--- Your assignment ---
There is material below. Print exactly the lines starting at the line with "スカーフリングにも おしゃべりな指輪215 フリーサイズ" and ending at the line with "120套加大码木耳边睡衣女春", ends included, and no others.

--- Source data ---
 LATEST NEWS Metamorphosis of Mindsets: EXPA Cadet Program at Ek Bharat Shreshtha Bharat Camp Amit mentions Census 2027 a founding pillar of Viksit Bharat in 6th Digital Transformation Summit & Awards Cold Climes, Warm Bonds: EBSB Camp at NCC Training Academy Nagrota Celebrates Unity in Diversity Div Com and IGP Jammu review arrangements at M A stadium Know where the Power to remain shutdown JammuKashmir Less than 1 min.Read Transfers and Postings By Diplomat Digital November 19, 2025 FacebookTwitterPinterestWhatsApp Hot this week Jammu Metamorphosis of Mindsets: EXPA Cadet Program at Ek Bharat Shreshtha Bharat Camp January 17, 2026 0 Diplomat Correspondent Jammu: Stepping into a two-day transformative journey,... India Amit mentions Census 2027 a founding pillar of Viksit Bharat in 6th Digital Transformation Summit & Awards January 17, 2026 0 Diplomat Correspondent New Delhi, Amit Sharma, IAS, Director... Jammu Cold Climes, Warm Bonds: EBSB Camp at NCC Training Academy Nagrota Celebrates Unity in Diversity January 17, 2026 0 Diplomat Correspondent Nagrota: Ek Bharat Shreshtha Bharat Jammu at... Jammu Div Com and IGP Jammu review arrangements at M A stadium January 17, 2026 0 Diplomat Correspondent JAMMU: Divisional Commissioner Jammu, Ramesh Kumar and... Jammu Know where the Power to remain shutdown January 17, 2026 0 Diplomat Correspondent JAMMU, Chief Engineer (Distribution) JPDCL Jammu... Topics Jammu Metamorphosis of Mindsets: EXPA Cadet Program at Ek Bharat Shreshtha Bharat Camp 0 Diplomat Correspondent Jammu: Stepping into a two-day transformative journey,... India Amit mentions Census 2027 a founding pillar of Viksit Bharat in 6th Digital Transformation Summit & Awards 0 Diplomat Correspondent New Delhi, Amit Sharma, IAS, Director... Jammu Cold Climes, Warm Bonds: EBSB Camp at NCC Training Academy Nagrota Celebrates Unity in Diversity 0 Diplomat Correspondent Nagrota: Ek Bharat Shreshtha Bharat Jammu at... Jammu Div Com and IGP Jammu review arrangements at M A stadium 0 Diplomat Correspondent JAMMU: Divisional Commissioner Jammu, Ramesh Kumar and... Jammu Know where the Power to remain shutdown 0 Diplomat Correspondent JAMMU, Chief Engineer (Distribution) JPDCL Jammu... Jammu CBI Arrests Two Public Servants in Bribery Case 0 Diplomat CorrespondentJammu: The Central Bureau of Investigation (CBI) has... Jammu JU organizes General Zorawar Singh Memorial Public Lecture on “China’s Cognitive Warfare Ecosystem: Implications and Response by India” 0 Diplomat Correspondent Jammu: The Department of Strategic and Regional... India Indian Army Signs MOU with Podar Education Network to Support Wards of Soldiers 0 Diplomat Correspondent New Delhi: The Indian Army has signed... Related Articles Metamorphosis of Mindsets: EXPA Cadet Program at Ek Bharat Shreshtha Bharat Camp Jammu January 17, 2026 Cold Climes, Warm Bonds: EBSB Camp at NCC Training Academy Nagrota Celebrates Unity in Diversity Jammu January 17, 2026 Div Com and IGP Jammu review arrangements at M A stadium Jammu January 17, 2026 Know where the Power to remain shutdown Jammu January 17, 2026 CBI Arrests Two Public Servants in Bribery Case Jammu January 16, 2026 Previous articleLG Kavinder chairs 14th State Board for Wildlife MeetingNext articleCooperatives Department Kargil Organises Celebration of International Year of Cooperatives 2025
* * *
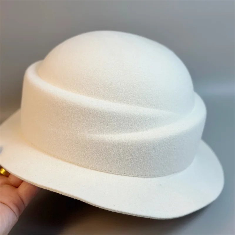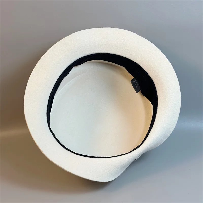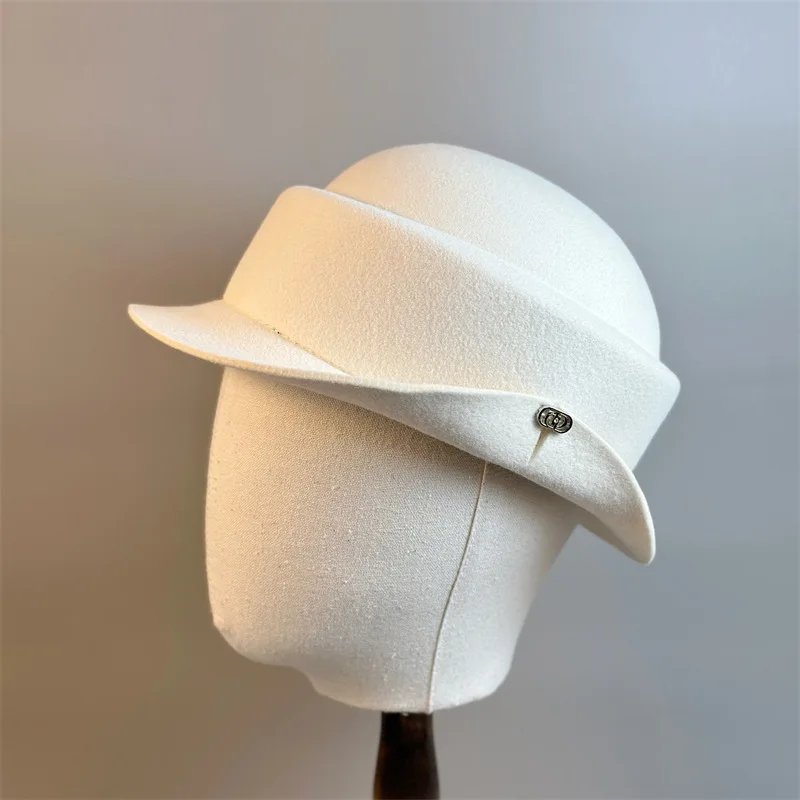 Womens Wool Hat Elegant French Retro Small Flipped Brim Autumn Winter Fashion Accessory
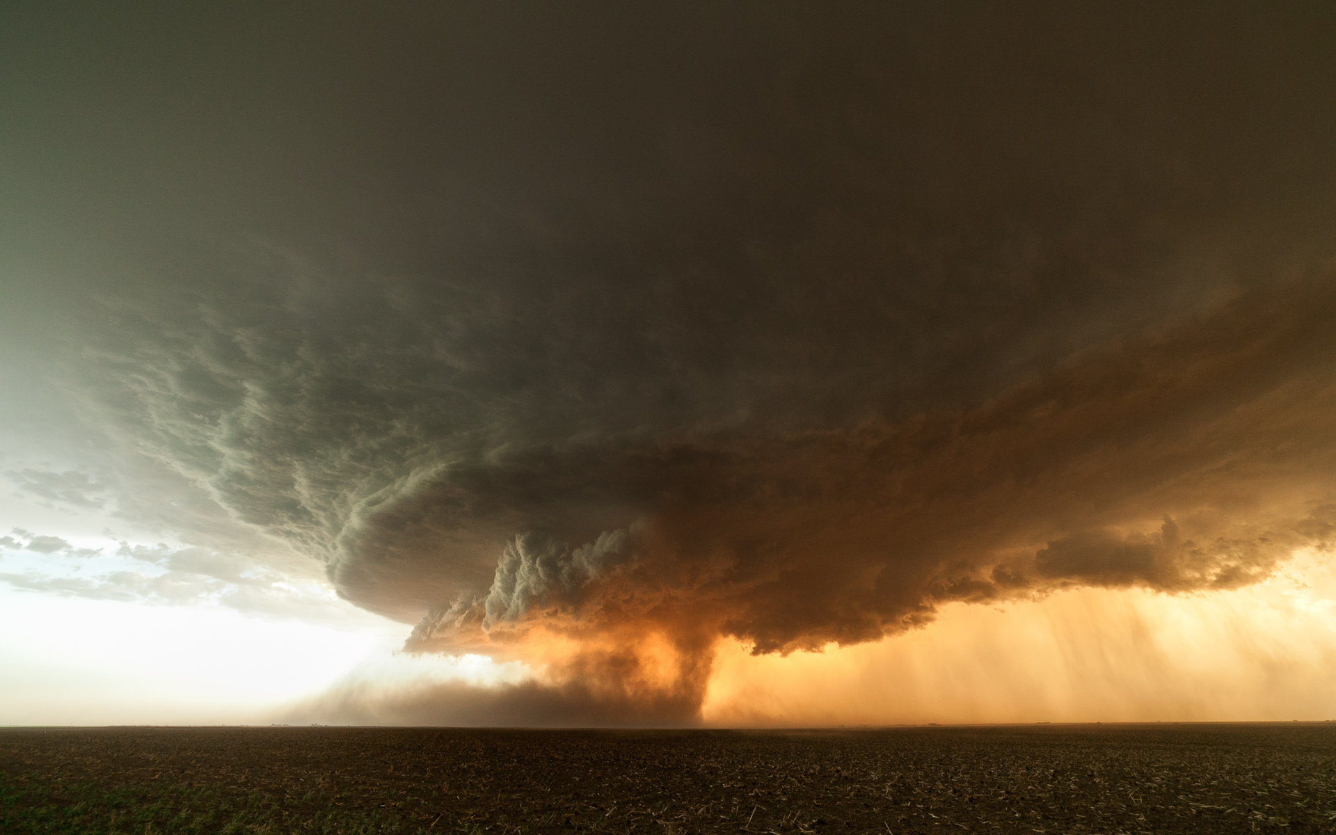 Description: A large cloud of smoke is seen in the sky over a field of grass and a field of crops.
--
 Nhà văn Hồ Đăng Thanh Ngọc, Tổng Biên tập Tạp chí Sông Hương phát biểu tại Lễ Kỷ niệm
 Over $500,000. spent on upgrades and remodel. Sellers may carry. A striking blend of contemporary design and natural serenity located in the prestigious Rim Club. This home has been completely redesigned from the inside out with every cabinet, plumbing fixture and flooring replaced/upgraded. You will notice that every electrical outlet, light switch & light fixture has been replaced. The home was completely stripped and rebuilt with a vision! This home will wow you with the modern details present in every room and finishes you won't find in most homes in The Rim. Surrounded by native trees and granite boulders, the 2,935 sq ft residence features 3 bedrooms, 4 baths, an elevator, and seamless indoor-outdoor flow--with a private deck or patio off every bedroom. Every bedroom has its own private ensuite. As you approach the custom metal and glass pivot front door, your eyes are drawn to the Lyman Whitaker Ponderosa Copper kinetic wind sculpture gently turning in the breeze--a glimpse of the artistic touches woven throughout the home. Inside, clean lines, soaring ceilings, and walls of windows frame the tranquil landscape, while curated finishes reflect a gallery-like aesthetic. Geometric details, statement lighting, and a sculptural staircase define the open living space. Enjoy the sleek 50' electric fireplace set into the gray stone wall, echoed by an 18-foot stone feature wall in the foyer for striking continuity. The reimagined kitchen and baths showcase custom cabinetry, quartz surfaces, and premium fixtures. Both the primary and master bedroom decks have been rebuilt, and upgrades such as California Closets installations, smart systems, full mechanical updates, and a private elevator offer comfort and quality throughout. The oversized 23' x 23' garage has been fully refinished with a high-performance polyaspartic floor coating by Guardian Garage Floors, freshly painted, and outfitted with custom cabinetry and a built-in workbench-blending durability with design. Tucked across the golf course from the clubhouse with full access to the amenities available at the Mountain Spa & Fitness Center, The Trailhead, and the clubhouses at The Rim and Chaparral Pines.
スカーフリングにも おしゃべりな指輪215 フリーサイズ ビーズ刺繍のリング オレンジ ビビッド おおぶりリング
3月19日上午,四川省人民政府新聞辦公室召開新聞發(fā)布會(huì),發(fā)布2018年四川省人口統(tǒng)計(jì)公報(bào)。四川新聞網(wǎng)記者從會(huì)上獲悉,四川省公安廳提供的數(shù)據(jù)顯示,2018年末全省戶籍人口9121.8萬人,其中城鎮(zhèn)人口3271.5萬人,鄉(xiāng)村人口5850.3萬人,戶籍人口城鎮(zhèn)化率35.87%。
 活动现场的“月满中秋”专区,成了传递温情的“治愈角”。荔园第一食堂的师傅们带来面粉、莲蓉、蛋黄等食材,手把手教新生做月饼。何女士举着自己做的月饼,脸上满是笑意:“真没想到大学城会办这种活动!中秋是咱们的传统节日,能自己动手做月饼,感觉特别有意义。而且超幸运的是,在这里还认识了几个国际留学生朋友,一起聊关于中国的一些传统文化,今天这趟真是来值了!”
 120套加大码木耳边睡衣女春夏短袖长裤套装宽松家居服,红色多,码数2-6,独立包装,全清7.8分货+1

--- Reply ---
スカーフリングにも おしゃべりな指輪215 フリーサイズ ビーズ刺繍のリング オレンジ ビビッド おおぶりリング
3月19日上午,四川省人民政府新聞辦公室召開新聞發(fā)布會(huì),發(fā)布2018年四川省人口統(tǒng)計(jì)公報(bào)。四川新聞網(wǎng)記者從會(huì)上獲悉,四川省公安廳提供的數(shù)據(jù)顯示,2018年末全省戶籍人口9121.8萬人,其中城鎮(zhèn)人口3271.5萬人,鄉(xiāng)村人口5850.3萬人,戶籍人口城鎮(zhèn)化率35.87%。
 活动现场的“月满中秋”专区,成了传递温情的“治愈角”。荔园第一食堂的师傅们带来面粉、莲蓉、蛋黄等食材,手把手教新生做月饼。何女士举着自己做的月饼,脸上满是笑意:“真没想到大学城会办这种活动!中秋是咱们的传统节日,能自己动手做月饼,感觉特别有意义。而且超幸运的是,在这里还认识了几个国际留学生朋友,一起聊关于中国的一些传统文化,今天这趟真是来值了!”
 120套加大码木耳边睡衣女春夏短袖长裤套装宽松家居服,红色多,码数2-6,独立包装,全清7.8分货+1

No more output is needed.